Witnesses - Killing Streets #1
Out of the ashes of sixty-nine arises a hero, but Tim Regan is not the hero you expect. All heroes' true tests are in their inner world, and Tim's feat is to somehow remain a teenager amidst the horror of early seventies Belfast. He struggles daily to keep his youth separate from The Troubles, but in a war like this; everything and everybody is entangled, and Tim's struggles increase until something must break. But what is it that breaks? Not his rightful measure of innocence, and not his dedication to The Cause.
But it is because this is no romanticised version of recent Irish history, that this book is so powerful.

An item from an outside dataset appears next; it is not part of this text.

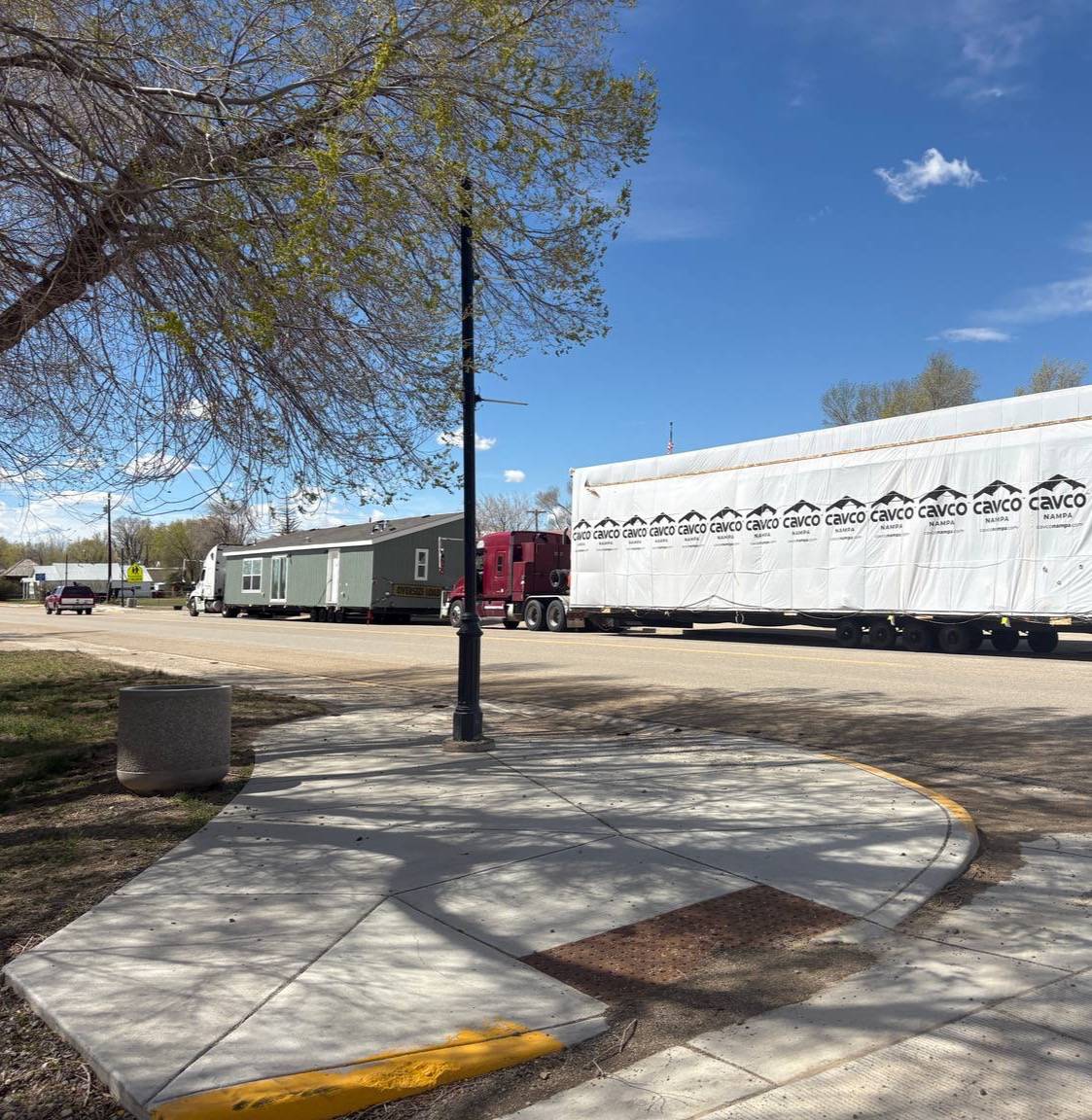 Our house arrived on Sunday, April12th. The Wyoming Wind presented challenges in the travels, and it arrived a day later than scheduled. This pic is of it sitting on the main street when they pulled into town.

Laid out before us is the sheer brutality and evil of some of the Provisional IRA, their entanglement with the Special Branch and MI5, and details of how the systems and structures put in place by IRA command, accidentally paved the way for crooks and psychopaths to take over the army, and manipulate The Cause to their own ends.
The fact that Larkin has been able to retain the essential innocence of his main character, Tim's teenage years, in the midst of this horror, is a testament to his writing skills, and to the resilience of humanity.
For here we have a boy who fights for a cause while knowing that the very organisation he has joined is riddled with corrupt and traitorous imposters. And while fighting against corruption from the inside, and the British State on the streets of Belfast, Regan managing to take on a seemingly ordinary journey through the highs and lows of the early seventies, through the disco's and unrequited love. The fumbling sex, the banter, and the squabbles of youth.
The fact that Larkin pulls this off shows some breath-taking skill.
This book is A Tree Grows in Brooklynby a writer who must have lived this life or at least had access to someone who did. Many of the details are such, that no-one could invent them. There's no doubting that Larkin has come from a far darker place than some, and how he got to here, astounding.
It is therefore uplifting that Tim Regan survives his ordeal, (I hope he does, having not yet read the third book of The Killing Streets Series), but it is even more uplifting that Larkin himself has survived the ordeal and gone on to become a brilliant writer, a schennachie, which is the highest praise of all in Celtic culture. Tiocfaidh ar la, means our day will come in Irish. Larkin's day has come.
Finally, any last vestiges of romance for the Provisional IRA will be challenged when you read his Books, because what makes Larkin's Books different from all the literature of the troubles is that it isn't just a report of what someone's involvement was. He has made art from it, and in doing so, told a deeper truth.
I'm from an Irish Catholic storytelling background and can see this in Larkin's work, and how he jives along telling the story, and Maggie Doyle; what a tragic character.
The story between her and Tim Regan is what I would shoot if it was a movie, and probably from Maggie Doyle's point of view.
Larkin also provides a soundtrack by naming each chapter after a song from that tight period. I'd forgotten just how good some early seventies music was, and a quick click on Youtube will draw you down deep into his world. The Song Titles for the Chapters takes me back to the 1970s; Everything about that culture was replicated in Coatbridge, except the horrors.
The young girl who has the sight; the superstition below the religion, the family yarns. I could have been in my grannies.
I think it's only a matter of time until a mainstream publisher becomes interested.